Alfred Ludlam (1810 – 8 November 1877) was a leading New Zealand politician, horticulturist and farmer who owned land at Wellington and in the Hutt Valley. A member of three of New Zealand's four earliest parliaments, he was also a philanthropist and a founder of Wellington's Botanic Garden.

Born in or near the town of Newry, County Down, Ireland, Ludlam lived for a while in the West Indies before coming to New Zealand, where he would spend the rest of his life apart from visits to Australia and England. (Little is known about Ludlam's early activities in Ireland or the West Indies but a preserved specimen of the common iguana, collected by him on Tobago, is listed in an 1845 British Museum catalogue of lizards.)

Alfred Ludlam was aged 30 when he arrived at Wellington on New Zealand's North Island on 12 December 1840 from Gravesend in England. He is listed as a "cabin passenger" aboard the 700-ton emigrant vessel London, which sailed under the auspices of the New Zealand Company. (The company had been formed in London the previous year with the purpose of promoting the orderly colonisation of New Zealand by British settlers.) He prospered in his new homeland, proving to be an energetic, intelligent and highly capable settler who proceeded to play an active role in the Wellington region's civic and cultural life. He also assisted the Lower Hutt militia during the New Zealand land wars, which pitted the British colonists against the indigenous Māori tribes. He served in the militia as Captain Ludlam from July 1860 onwards.

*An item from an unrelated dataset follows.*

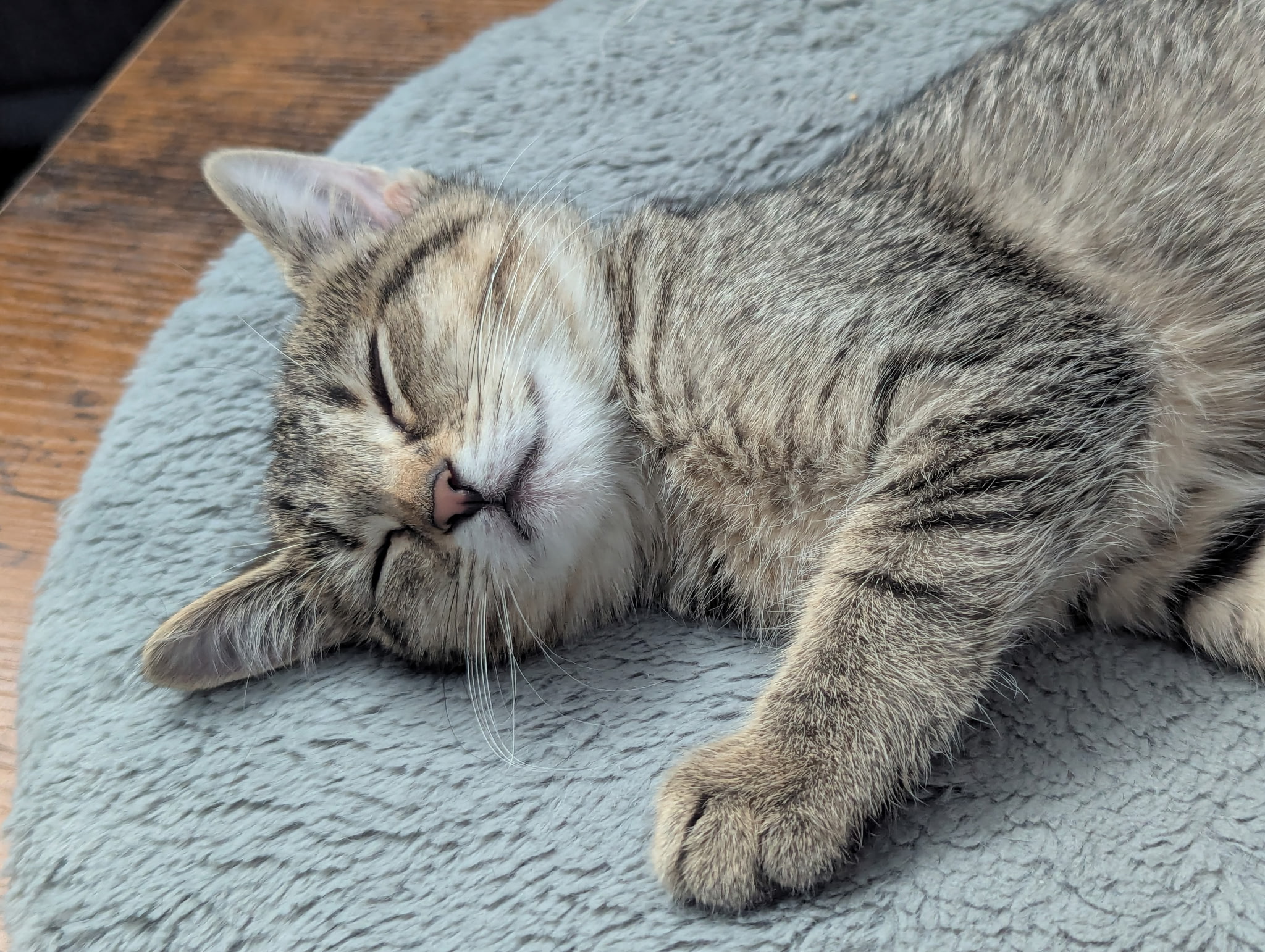 Fia is a bright, independent girl with a mischievous streak. She enjoys testing boundaries and seeing just how much she can get away with. When she’s feeling affectionate, she melts right into your arms and loves being held and cuddled. If she’s not in someone’s lap, she’s busy trying to outsmart our cat‑proofing to explore new territory or darting around the house, plotting the perfect spot to surprise us as we walk by.

In 1853 voters chose Ludlam and Edward Gibbon Wakefield, the former director of the New Zealand Company, to represent the electorate of Hutt in New Zealand's 1st Parliament, which opened in Wellington on 24 May the following year. Ludlam would also be elected as a member of the 2nd Parliament and the 4th Parliament, representing Hutt in 1853–55 (resigned 9 July), 1855–56 (resigned 16 August) and 1866–70 (retired). He resigned his seat before the conclusion of both the 1st and 2nd Parliaments.